HTC to launch new "disruptive" tablet, possibly dual-booting Android and Windows RT

HTC CEO Peter Chou has given a few hints about his company's plans for future devices. A dual-booting Android and Windows tablet sounds like a possibility.

A recent report claimed that Microsoft was in talks with HTC about getting the company to release smartphones that would allow consumers to choose between which operating system they wanted their phone to boot into, Android or Windows Phone. In exchange, Microsoft would cut any licensing fees HTC currently pays the company on both its Android and Windows Phone handsets. HTC is trying to regain itself as a major player in the smartphone world again. It's a plan it's already working on.

The company is returning to its roots and is believed to be building smartphones for Amazon. HTC started out as a very innovative OEM, building popular and iconic devices for other tech companies before setting out to build devices under its own name.  The company's CEO, Peter Chou recently spoke to the Financial Times about its future tablet and its plans in the wearable tech world of smartwatches.

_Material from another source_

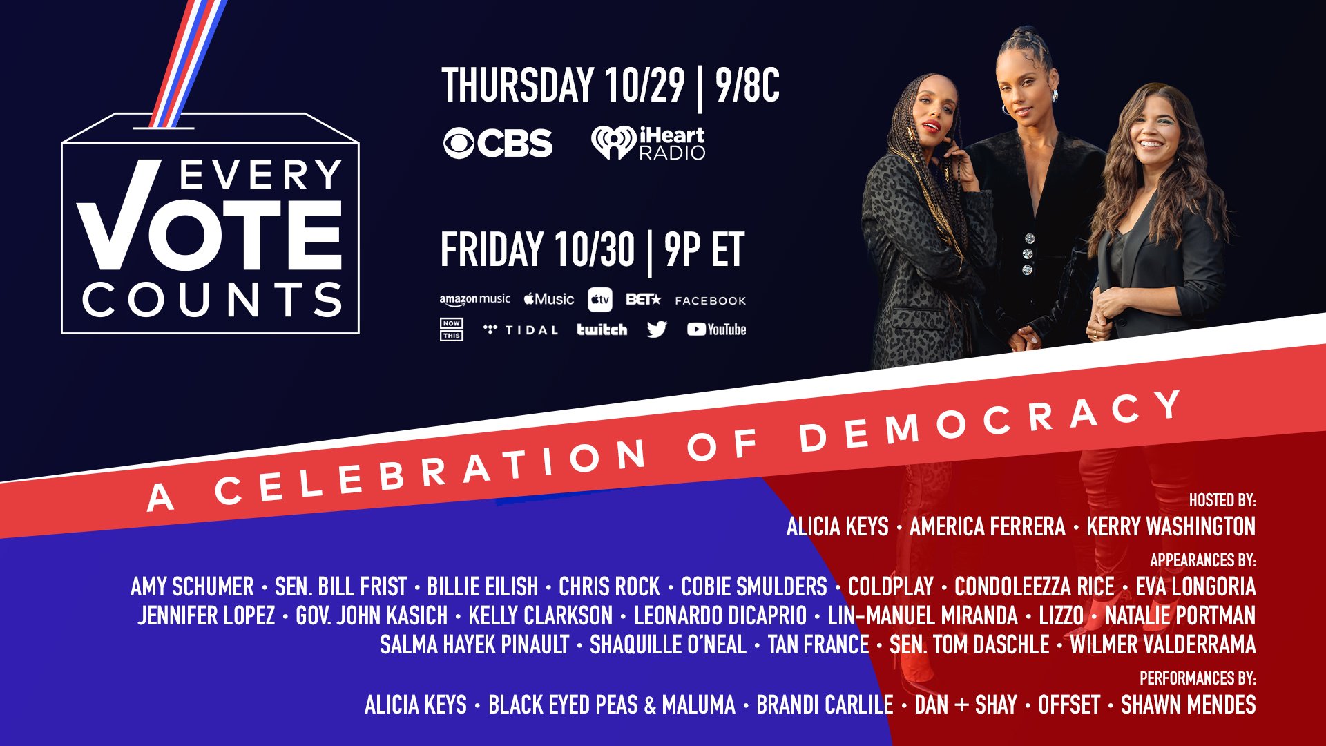 (New York, New York | Friday, October 30, 2020) Last night, Every Vote Counts: A Celebration of Democracy, a nationally televised event, aired on the CBS Television Network and streamed via CBS All Access, as well as iHeartMedia radio stations and app. The special will also be available to watch tonight, Friday, October 30th, at 9PM ET on Amazon Music, Apple Music, Apple TV App, NowThis, YouTube, Twitter, TIDAL and Facebook.

Mr. Chou revealed that his company previously worked on a smartwatch with Microsoft, but those plans were eventually scrapped. In a dig at rival Samsung, the CEO describes current devices as "version one" and "gimmicks" that lack any kind of real style. He then turns his attention to tablets, which were expected to be a pair of 7-inch tablets - one running Android and the other Windows RT. Chou now refers to HTC's re-entry into the tablet market (after exiting in 2011) as a single device. He says that when HTC gets back into the tablet business it will be "something nice and disruptive."

The "nice and disruptive" could be a hint that HTC will allow consumers to choose between booting up into Android or Windows on a single device, which would be considered a "nice" move by the company for consumers. The "disruptive" piece would be that HTC, unlike its rivals, would be able to deliver a dual-OS tablet in a single device. If done right, it could indeed be very disruptive, but also great for HTC.

We'll have to wait and see how this all plays out, but HTC is certainly keeping things interesting.